Unnamed: 0,SalePrice,Lot Area,Bedroom AbvGr,Year Built,Yr Sold,1st Flr SF,2nd Flr SF,BsmtFin SF 1,BsmtFin SF 2,Total SF
1866,164000,11700,3,1968,2007,1295,0,910.0,0.0,2205.0
611,124500,9600,3,1959,2009,1041,0,991.0,0.0,2032.0
98,152000,2544,2,2005,2010,600,636,376.0,0.0,1612.0


## Let's Try a Simple Linear Regression

In [33]:
# Let's see if we can predict a Sale Price based on single feature 'Gross Living Area'
# Create a new DataFrame with only the data we need
data = df[['SalePrice','Gr Liv Area']]
data.head(5)

Unnamed: 0,SalePrice,Gr Liv Area
0,215000,1656
1,105000,896
2,172000,1329
3,244000,2110
4,189900,1629


In [34]:
# sklearn complains if these are shape [100,] vs [100,1]
# just one of the many gotchas you'll find :)
X = data['Gr Liv Area'].values.reshape(-1,1) 
# Y is typically used for the Truth Labels
Y = data['SalePrice'].values.reshape(-1,1)

In [35]:
%matplotlib notebook
# Let's plot Square Foot vs Sale Price to understand our data
plt.xlabel('Gross Living Area in $ft^2$')
plt.ylabel('Sale Price in $')
plt.plot(X,Y,'rx');

<IPython.core.display.Javascript object>

## Let's Split the Data so We Can Evaluate How We'll We Can Predict

In [36]:
# use SKLearns builtin method to split our data & shuffle it into test & train
# Split the data into training/testing sets
# By default, train_test_split will split the data into 75%/25% train/test
housing_X_train, housing_X_test, housing_Y_train, housing_Y_test = train_test_split(
    X,Y,
    random_state=3
)
print('housing_X_train',len(housing_X_train),'examples')
print('housing_X_test',len(housing_X_test),'examples')
print('housing_Y_train',len(housing_Y_train),'examples')
print('housing_Y_test',len(housing_Y_test),'examples')

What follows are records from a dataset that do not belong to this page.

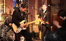 このイベントは成田ふるさとまつりのイベント委員会メンバーが、「もっと成田に音楽を楽しむ環境を根付かせよう!」を合い言葉にボランティア組織を結成し、音の根成田チャリティーライブを開催したものでKSO2もその趣旨に賛同し、出演させていただきました。平日の遅い時間帯にもかかわらず、ハードロックカフェが満席となるほどの来場者がありLIVEを盛り上げていただきましたみなさまに心から感謝する次第です。このイベントをもちましてベースマン「KATOH」はチョット事情がありましてしばらくの間お休みをいただくことになりました。いずれ復帰しますので、その節はよろしくお願いいたします。 |
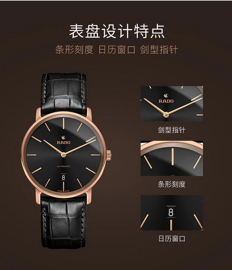 雷达RADO 钻霸系列男士皮制表带金属陶瓷表壳机械手表R14068166
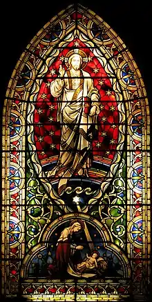 The first of the windows was ordered from London and installed in May 1882.[4][7] The windows are subject to a preservation order. The window above the altar (the "East" window) was originally illuminated by natural light, but the construction of the Parish House required it to be lit from behind with artificial light. It is exceptional in that it depicts both Christ in Glory and Jesus as a baby; a window in Genoa is the only other known in Europe.
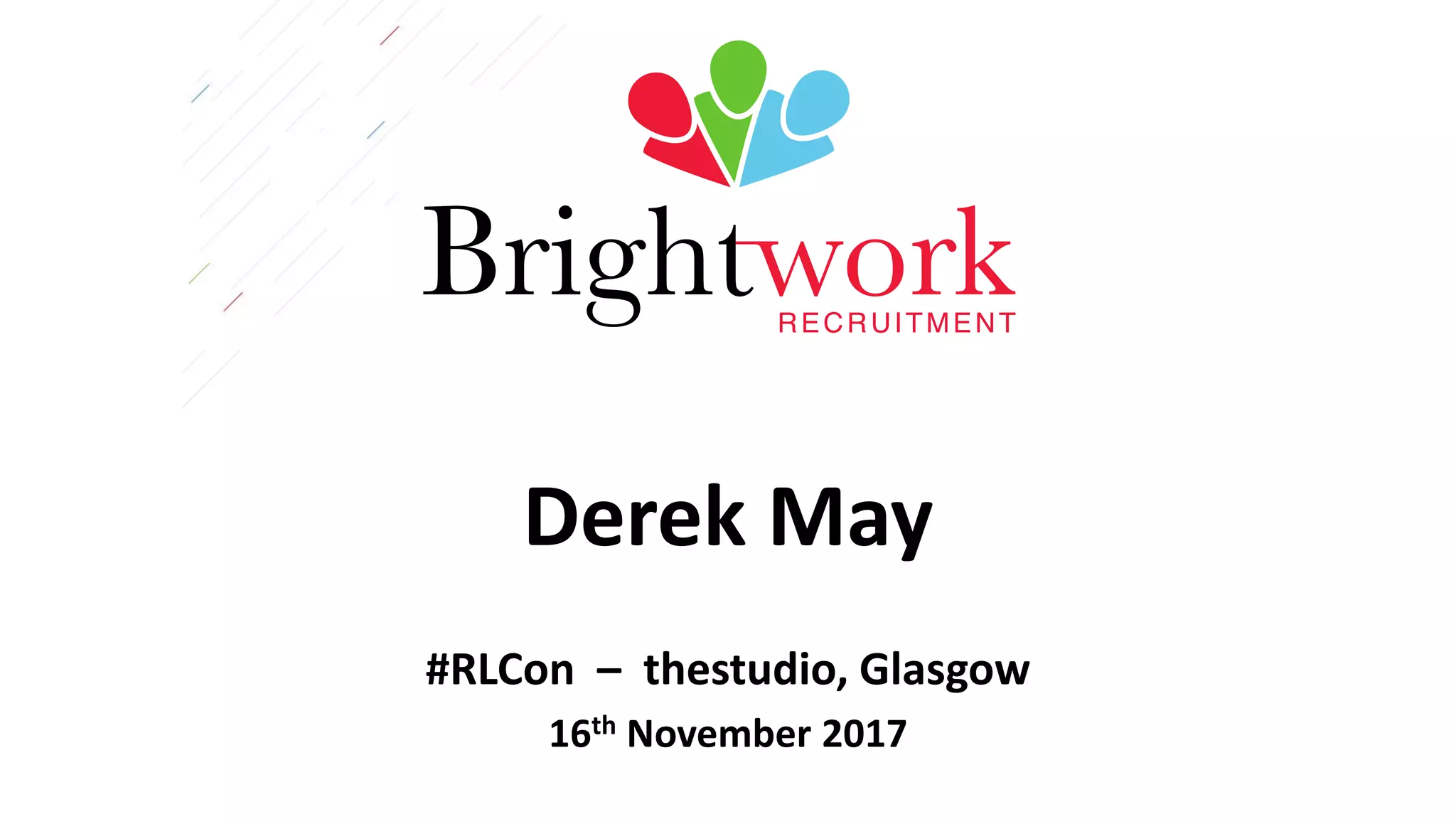 Derek May's presentation on November 16, 2017, at The Studio in Glasgow emphasizes the importance of combining control, mastery, and purpose in business. He outlines the approach to solving clients' recruitment challenges by understanding their specific needs and finding suitable candidates. The focus is on building close relationships with clients to effectively address their requirements.
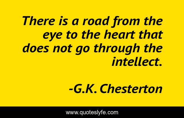 This page presents the quote "There is a road from the eye to the heart that does not go through the intellect.". Author of this quote is G.K. Chesterton. This quote is about enthusiasm, inspirational,.
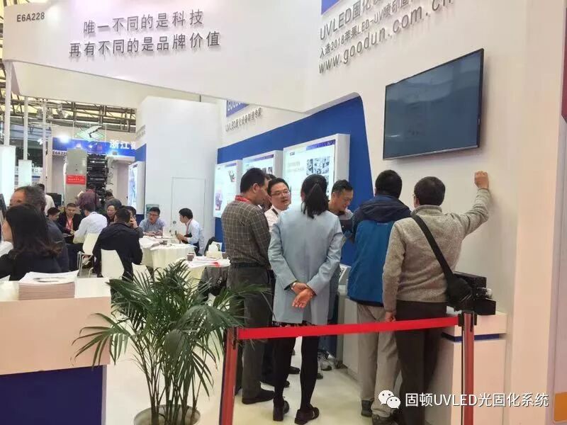 2018中国国际全印展于10月24-28日在上海新国际博览中心盛大举办,本届展会以“开启印刷智能时代”为主题,11万平米的展馆吸引了1000多家展商亮相,展品涵盖印前设备和软件、印刷设备、辅助设备、印刷耗材等方面。作为UV LED设备制造专家,江苏固立得精密光电有限公司(以下简称“固立得”或“公司”)在E6馆A228展位上展示了应用于印刷、喷绘领域的多种能量级别、多种尺寸光源、小型轻量控制柜等产品,旨在满足客户的不同需求,为客户带来更加合理、更加完善的固化解决方案。此次展会,固立得产品吸引了众多业内人士的交流、洽谈。

# Create linear regression object
regr = linear_model.LinearRegression(normalize=True)
# regr = linear_model.SGDRegressor(n_iter=100)

housing_X_train 2197 examples
housing_X_test 733 examples
housing_Y_train 2197 examples
housing_Y_test 733 examples


In [37]:
# The fit function will train the model using the training set
regr.fit(housing_X_train, housing_Y_train)

LinearRegression(copy_X=True, fit_intercept=True, n_jobs=1, normalize=True)

In [38]:
# Make predictions using the testing set
housing_Y_pred = regr.predict(housing_X_test)

# The coefficients
# print('Coefficients: \n', regr.coef_)
# TODO: this number is huge...
print("Mean squared error: %.2f" % mean_squared_error(housing_Y_test, housing_Y_pred))
# Explained variance score: 1 is perfect prediction
print('Variance score: %.2f' % r2_score(housing_Y_test, housing_Y_pred))

Mean squared error: 2942072587.24
Variance score: 0.51


In [39]:
%matplotlib notebook
# Plot outputs
plt.scatter(housing_X_train, housing_Y_train, alpha=.5, color='black', label='train')
plt.scatter(housing_X_test, housing_Y_test, alpha=.5, color='red', label='test')
plt.plot(housing_X_test, housing_Y_pred,color='blue', linewidth=3)

plt.xticks()
plt.yticks()
plt.legend()
plt.xlabel('Gross Living Area in $ft^2$')
plt.ylabel('Sale Price in $')

plt.show();

<IPython.core.display.Javascript object>

This looks OK, but how well did we really do?

Let's create a histogram showing how off we were from the truth.

If our model is good, we'll have a lot of hits in the middle and a nice tall bell curve. 

In [40]:
%matplotlib notebook

# Plot hist of predictions vs actual
y_lr = np.reshape(housing_Y_test,housing_Y_test.shape[0])
yhat_lr = np.reshape(housing_Y_pred,housing_Y_pred.shape[0])
ydiff_lr = np.subtract(y_lr,yhat_lr)

plt.ylim([0,40])
plt.hist(ydiff_lr,bins=100,range=[-100000, 100000])
plt.title('Linear Regression Single Variable')
plt.xlabel('Difference: Predicted vs Sale Price')
plt.ylabel('Number of Predictions')

plt.show();

<IPython.core.display.Javascript object>

This doesn't look that great.

We can do better if we consider multiple features of data and use a more complex model.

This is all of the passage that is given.